Currently, text classification has attracted considerable research attention. By reasonably organizing and storing texts according to different categories, we can construct the corresponding training set. Then, the corresponding classification rules are defined according to the different categories, and a text classifier is constructed. Then, through the crawler and other technologies, we can constantly look for new texts in the network and add them to the text library. The research on text classification technology began earlier in foreign countries than in ours. In 1959, Luhn [14] of IBM Company put forward the concept of word frequency statistics. In the same year, Maron [15] published a paper on automatic text classification. In the recent years, an increasing number of research results in this field have been published. Goudjil et al. [16] selected samples by using the posterior probability provided by the support vector machine (SVM) classifier and used the selected samples to classify data. Kim et al. [17] used a convolution neural network (CNN) to extract advanced features from the local text with a window filter. Research on text classification technology in China began later than in foreign countries. Li et al. [18] used the maximum entropy model as the text representation model to explore the text classification technology in depth. Dong et al. [19] deeply studied the relevant techniques of the feature weighting method and attempted to adjust the weight of the feature items by measuring the importance of different sentences in the text. Huang et al. [20] classified the text spam messages by using the advantages of the K-nearest neighbor (KNN) method. Jiang et al. [21] estimated the conditional probability of Bayes by using the deep feature weighted frequency in the training data and improved the classification performance.

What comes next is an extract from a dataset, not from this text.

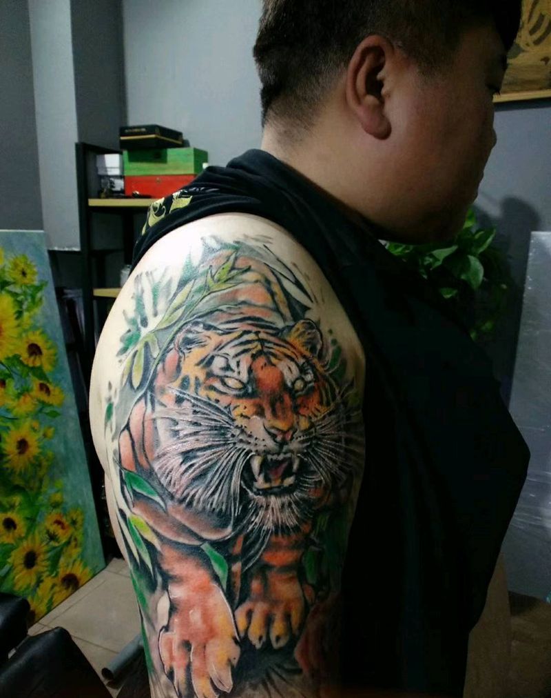 当前位置: 首页 >河北省唐山市纹身店-黑帆刺青纹身图案>老虎纹身图片_肩部欧美写实纹身图案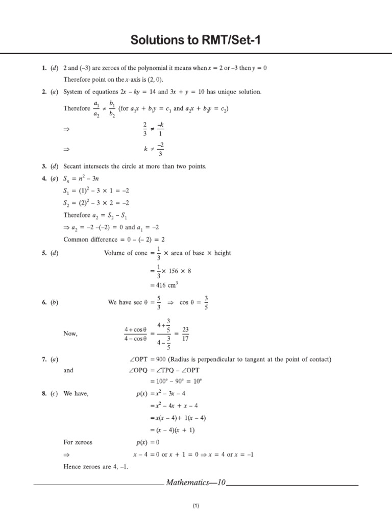 Solutions to RMT/Set-1

However, there are still some challenges in text classification, and the accuracy of classification needs to be improved. In order to achieve better classification effect, in this paper, a new text classification algorithm based on the vector space model is proposed. We introduced the concepts of the inter-class concentration degree, intra-class dispersity degree, and intra-class frequency and proposed the feature selection method based on the inter-class concentration degree, intra-class dispersity degree, and intra-class frequency, which overcame the shortcomings of the current methods. And we developed the improved TF-IDF feature weighting method (I-TF-IDF), which resolved some disadvantages of the term frequency-inverse document frequency method (TF-IDF) in the weighting of different categories. Then, using the center classification method, we formed the text classifier. The comparative experiments results showed that the proposed algorithm was more accurate than traditional classification methods, and it not only shed a light on existing challenges in text classification but also inspire new methods.

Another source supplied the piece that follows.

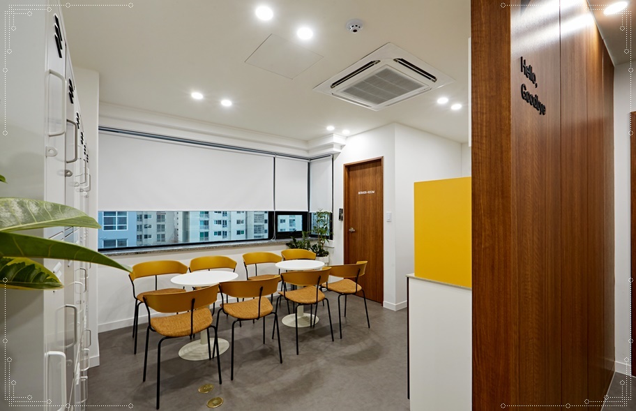 카페테리아입니다. 입구 바로 맞은편에 배치해 소음 발생을 최소화했고 진출입하면서 편리하게 이용할 수 있도록 했습니다. 우드패턴의 내부 파사드를 세워 시선을 차단해 자유롭게 쉬거나 식음료를 섭취할 수 있도록 했는데요, 이는 외부에서 봤을 때 지저분하거나 어수선한 모습을 가릴 수 있어 도움이 되죠. 상하부장을 시공해 수납력을 높였고 작은 가전제품을 둘 수 있도록 했으며 개인 사물함을 배치해 사용성과 편의성을 높였습니다.

The rest of this paper is organized as follows: Section 2 briefly introduces the related works in the literature. Section 3 is the method of the paper. Section 4 discusses the text classification algorithm based on VSM. Section 5 presents experimental results and discussion. Section 6 is the conclusion.

2 Related work

Over the years, scholars and experts at home and abroad have studied and explored different methods for text categorization.

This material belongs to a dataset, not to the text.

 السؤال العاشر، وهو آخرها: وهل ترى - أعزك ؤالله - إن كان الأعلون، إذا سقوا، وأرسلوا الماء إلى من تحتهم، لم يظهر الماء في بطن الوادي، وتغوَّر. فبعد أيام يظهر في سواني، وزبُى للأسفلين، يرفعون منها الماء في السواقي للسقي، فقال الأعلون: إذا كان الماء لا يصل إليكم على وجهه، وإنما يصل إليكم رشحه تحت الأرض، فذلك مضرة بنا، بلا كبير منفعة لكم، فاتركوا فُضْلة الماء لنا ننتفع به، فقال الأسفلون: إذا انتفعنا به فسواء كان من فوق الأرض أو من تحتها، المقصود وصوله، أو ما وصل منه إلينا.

With the advent of high dimensionality, adequate identification of relevant features of the data has become indispensable in real-world scenarios. In this context, the importance of feature selection is beyond doubt and different methods have been developed. However, with such a vast body of algorithms available, choosing the adequate feature selection method is not an easy-to-solve question and it is necessary to check their effectiveness on different situations. Nevertheless, the assessment of relevant features is difficult in real datasets and so an interesting option is to use artificial data. In [22], several synthetic datasets are employed for this purpose, aiming at reviewing the performance of feature selection methods in the presence of a crescent number or irrelevant features, noise in the data, redundancy and interaction between attributes, as well as a small ratio between number of samples and number of features. Brown et al. [23] present a unifying framework for information theoretic feature selection, bringing almost two decades of research on heuristic filter criteria under a single theoretical interpretation. While many hand-designed heuristic criteria try to optimize a definition of feature “relevancy” and “redundancy,” the approach leads to a probabilistic framework which naturally incorporates these concepts. As a result, we can unify the numerous criteria published over the last two decades and show them to be low-order approximations to the exact (but intractable) optimization problem. The primary contribution is to show that a large empirical study provides strong evidence to favor certain classes of criteria, in particular those that balance the relative size of the relevancy/redundancy terms.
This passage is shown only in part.